Fed does the expected:

cnnfn.cnn.com

federalreserve.gov

"Household demand has been sustained, but business profits and capital spending continue to weaken and growth abroad is slowing, weighing on the U.S. economy. The associated easing of pressures on labor and product markets is expected to keep inflation contained.
Although long-term prospects for productivity growth and the economy remain favorable, the Committee continues to believe that against the background of its long-run goals of price stability and sustainable economic growth and of the information currently available, the risks are weighted mainly toward conditions that may generate economic weakness in the foreseeable future."

We are still in a race.

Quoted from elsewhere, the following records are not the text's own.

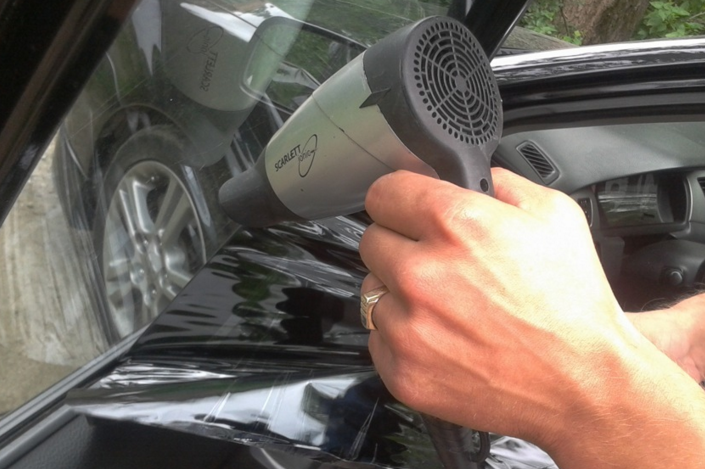 Спосіб видалення тонування з нагрітого скла більш простий з точки зору швидкості виконання завдання, але його складніше виконати в гаражних умовах. Щоб прибрати тонування з нагрітого скла потрібно: доставити автомобіль в теплий гараж, обзавестися феном (будівельним чи побутовим), знайти помічника.
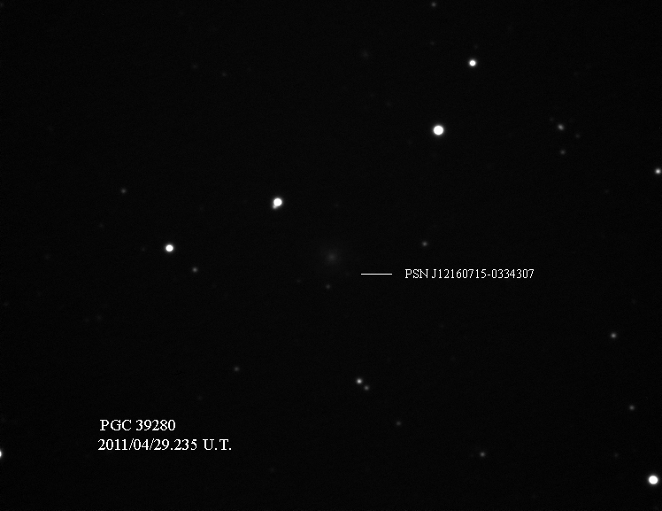 Found in UGC 6311 at R.A. = 11h17m54s.88, Decl. = -02°05'45".2 Located 1".4 west and 14".4 south of the center of UGC 6311 (Discovery image (Discovery page)) (Joseph Brimacombe image (wide field)) (Ivan Curtis image) (JM Llapasset image) (CRTS image) (Xavier Bros image) (Rafael Benavides image) (Juanjo González image) (Enrico Prosperi image) Mag > 19.0, Type Ia  |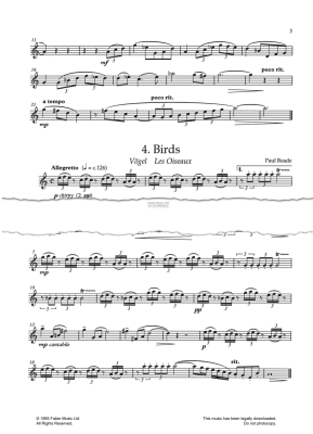 Birds, composed by Paul Reade and arranged for flute with piano accompaniment in digital sheet music format.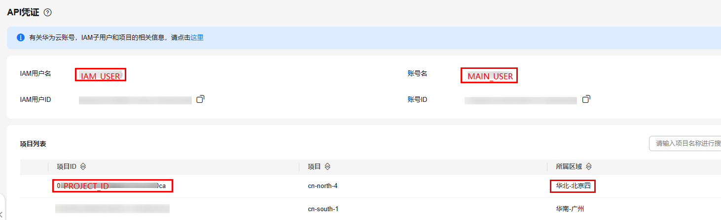 进入API凭证界面,即可获取IAM用户信息,记录IAM用户名、账号名、区域华北-北京四对应的项目ID,留作后面步骤使用。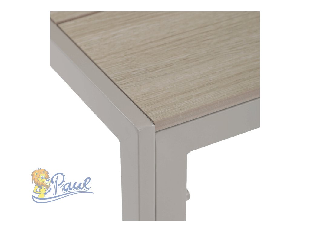 Zahradní stůl o rozměrech 150x89x73 cm kombinuje desku z polywoodu v dekoru dubu s pevnou kovovou konstrukcí v krémové barvě cashmere. Deska je navržena tak, aby byla odolná proti poškrábání a snadno se udržovala, což zajišťuje dlouhodobou estetiku i při venkovním použití. Kovová konstrukce je opatřena práškovou povrchovou úpravou, která chrání proti vlivům počasí a zvyšuje stabilitu stolu. Jednoduchý a moderní design s rovnými nohami umožňuje pohodlné usazení až šesti osob. Stůl je vhodný pro zahradní posezení, terasy i balkony, kde poskytuje funkční a stylový prostor pro stolování i odpočinek.Doplňkové parametry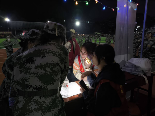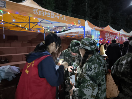 志愿者们如同勤劳的蜜蜂,有条不紊地将棚子支起,把桌子摆放整齐,精心布置着招新现场。那一顶顶棚子,就像是一朵朵绽放的花朵,在秋风中摇曳生姿,仿佛在向新生们招手。随着新生军训休息时间的到来,招新活动正式拉开帷幕。

The question is: can the Fed easing cause a rebound in business spending, before rising unemployment causes a collapse in consumer confidence and spending? IMO, this question is not yet decided (that is, not only don't I know the answer, I don't think the answer is knowable now). We are sitting on a knife edge, and which way we fall decides whether the Nas hits 1000 or 3000 next year (of course, there is always the possibility that the manic-depressive Market believes first one scenario, then the other, so we hit both numbers in the next 18 months).

It's hard for me to believe that Fed rate cuts from 6.5% to 3.5% isn't going to powerfully effect stocks (with a 6-24 month lag). But, it's also hard for me to believe that consumers can continue spending at current levels, getting steadily more leveraged as unemployment goes up. And it's hard for me to believe, given the current macro climate, that a (trailing) PE in the high 20s (for the S&P 500) is sustainable.